There were also some interesting presentations on other themes at the meeting.  The IMU Ron Harden Innovation in Medical Education award was made this year to Romesh Nalliah and co-workers from Harvard School of Dental Medicine, USA.  He demonstrated how a micro-blog facilitated clinical case discussions by students.  Students were encouraged to identify learning moments during their clinical experience and share these moments with others.  Nalliah and colleagues evaluated 200 micro posts, each with an average of 160 words.  Sixty five per cent related to clinical tips.  Students were reported as enjoying using the online medium to reflect on work and reported that they were using the micro-blogs as a database of knowledge.  While it was seen as a good example of peer learning, the need for some faculty supervision to ensure that the information being discussed was reliable was also emphasised.

The final Ottawa 2014 Conference programme is being finalised this week and Pat is working closely with the organisers in Ottawa, coordinating the arrangements for the Ottawa Conference and the Canadian Medical Education Conference.  More than 2,000 have already registered.  We have organised a reunion for Ottawa Conference participants who took part in the early Ottawa Conferences up to 1990.  I was interested to note from the registrations for Ottawa 2014 that eight had delivered a paper at the first Ottawa conference in 1985.  

There have been two interesting webinars in the last couple of weeks, one by Elza Mylona on Effective Faculty Leadership in Organisational Change.  Several people have commented on the useful list she described as to what to look for in an innovation.  A recording is on the MedEdWorld website.  There was also the second of the Dialogues in Medical Education new series with an active discussion between Stewart Mennin and Kevin Eva on What happened to inquiry and explanation in medical education?

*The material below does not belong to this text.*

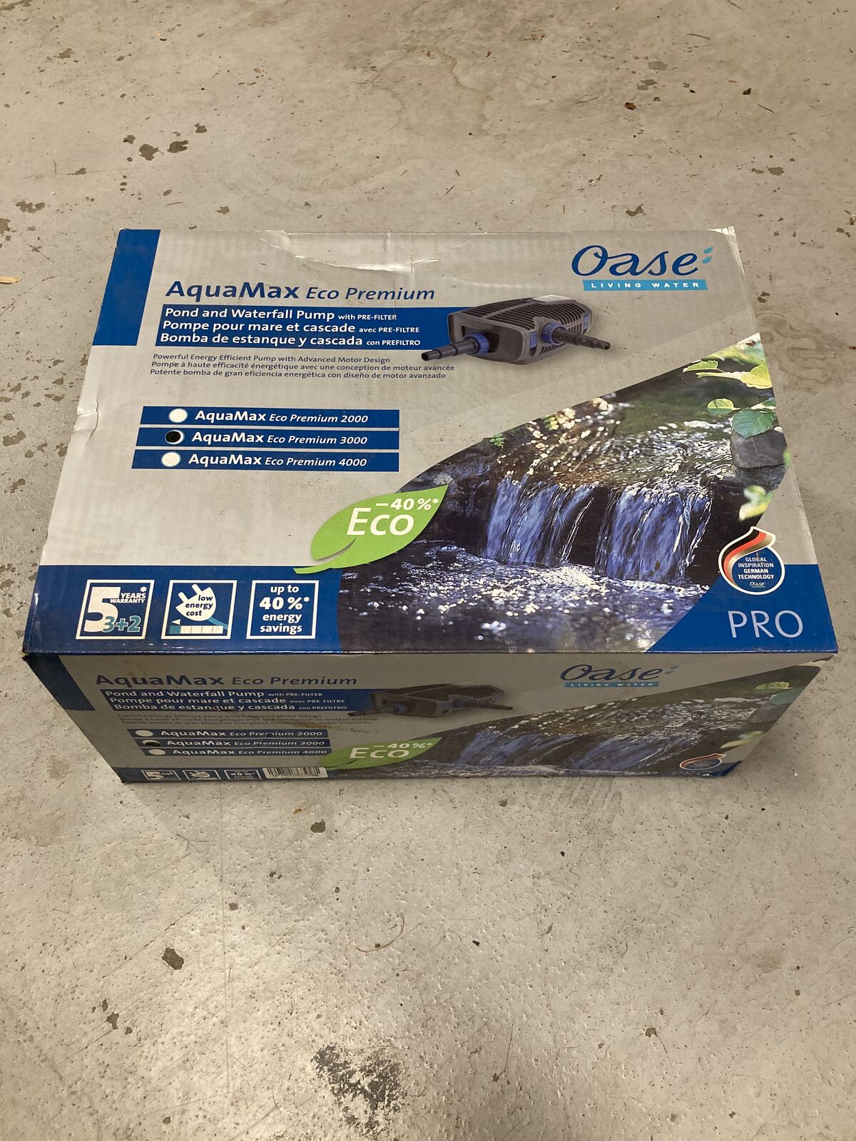 Aquamax Eco 3000 pond pump rated at 3000 gallons per hour with 2 inlets.
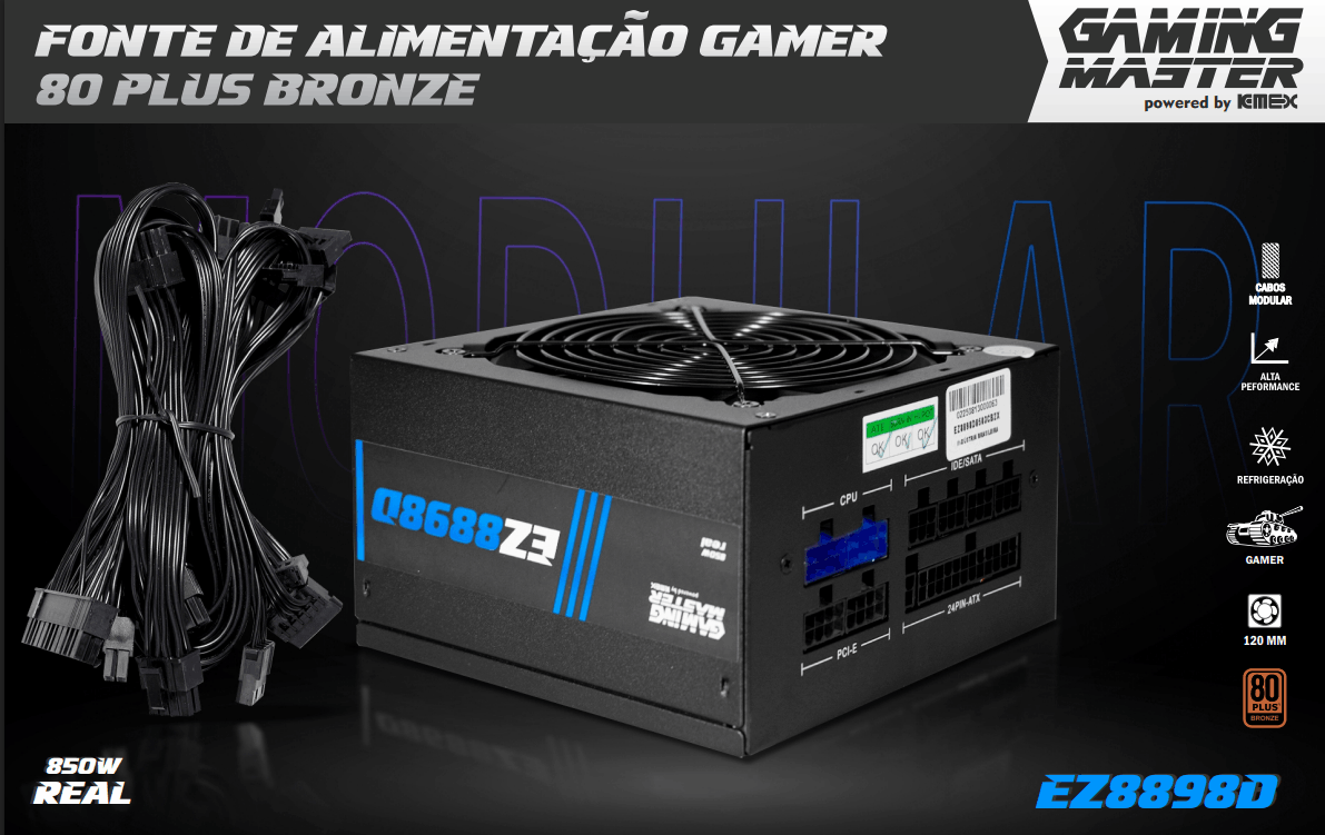 Energia inteligente com cabo modular completo, alta durabilidade e certificações globais para desempenho sem limites.

This is also available on the MedEdWorld website.

The School of Medicine at the University of Dundee have established an annual Ronald Harden lecture.  I delivered the inaugural lecture last night in the new lecture theatre at Ninewells Hospital.  This has been designed to accommodate team-based learning.  I was delighted to meet with many of my former colleagues at a reception after the lecture.  Following this a small group had dinner on the RRS Discovery which now has a home and also an exhibition centre in Dundee.  The photograph is one of me at the helm on the Discovery Prof-at-the-helm.png.  In my lecture I challenged the stakeholders in medicine to look over the next decade at the need for more fundamental change in medical education.  Prior to my lecture I had the opportunity to hear presentations from some Dundee students who had completed a medical education fellowship over the previous summer.  Students are funded to undertake a project over six weeks.  I was very impressed with the high standards of the presentations, the work that had been done and the students’ passion and interest in medical education.  I also had a chance to listen to some impressive studies by PhD students in medical education.  Dundee now also offers as part of the medical course an intercalated degree in medical education and six students took this up last year.  This is all very encouraging for the future of medical education.  Jean Ker who organised my programme also showed me the new simulated ward and general practice.  Students are assessed in the ward every year of the course from first year.  I was impressed with what I saw and two things struck me.  Returning to my earlier comments on IPE, the simulated ward is IPE in action with students assessed on team-working and collaboration as part of an overall clinical assessment.  Secondly, this assessment could be the basis for a progress test on clinical skills.